DATA BELOW:
* * * *

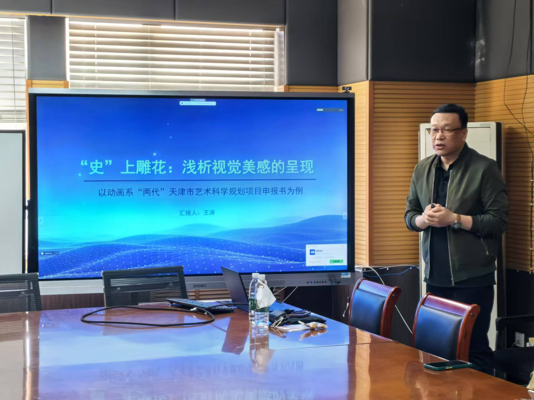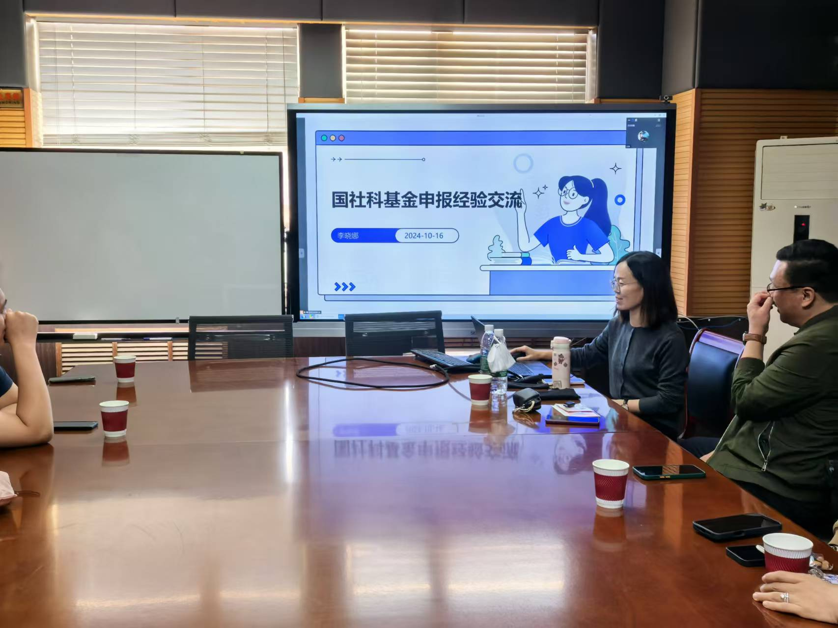 王涛在申请书撰写和调整方面有着独到的经验,带领公司教师获批了4项省部级项目,本次分享会他从项目申请书撰写、修饰整理方面进行了细致入微的分享,重点强调文字表达到图形表现的转换思想;李晓娜详细分享了国家社科基金艺术学青年项目申报前的准备及结项工作,鼓励青年教师多申报、多锻炼。报告结束后,与会老师进行了交流和讨论。
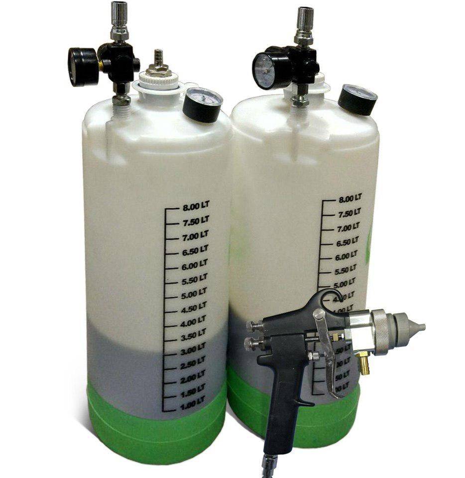 Стоит около от 35 тыс. руб., комплект включает в себя все, что понадобится для нанесения заряженного в баллоны состава, включая сменные сопла для пистолета и защитные перчатки.
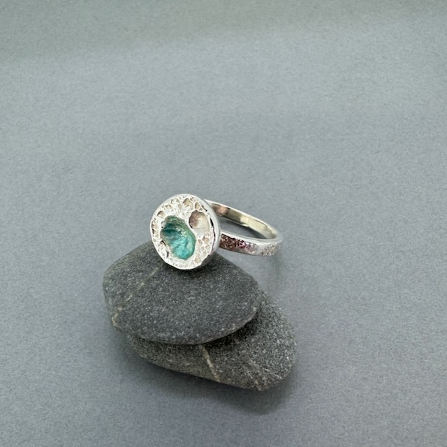 Blue enamelled rockpool silver ring in size R one of a kind.

* * * *

PROBLEM: In your answer, give every line of the listing above exactly, and do not include the images.

TASK ANSWER:
 王涛在申请书撰写和调整方面有着独到的经验,带领公司教师获批了4项省部级项目,本次分享会他从项目申请书撰写、修饰整理方面进行了细致入微的分享,重点强调文字表达到图形表现的转换思想;李晓娜详细分享了国家社科基金艺术学青年项目申报前的准备及结项工作,鼓励青年教师多申报、多锻炼。报告结束后,与会老师进行了交流和讨论。
 Стоит около от 35 тыс. руб., комплект включает в себя все, что понадобится для нанесения заряженного в баллоны состава, включая сменные сопла для пистолета и защитные перчатки.
 Blue enamelled rockpool silver ring in size R one of a kind.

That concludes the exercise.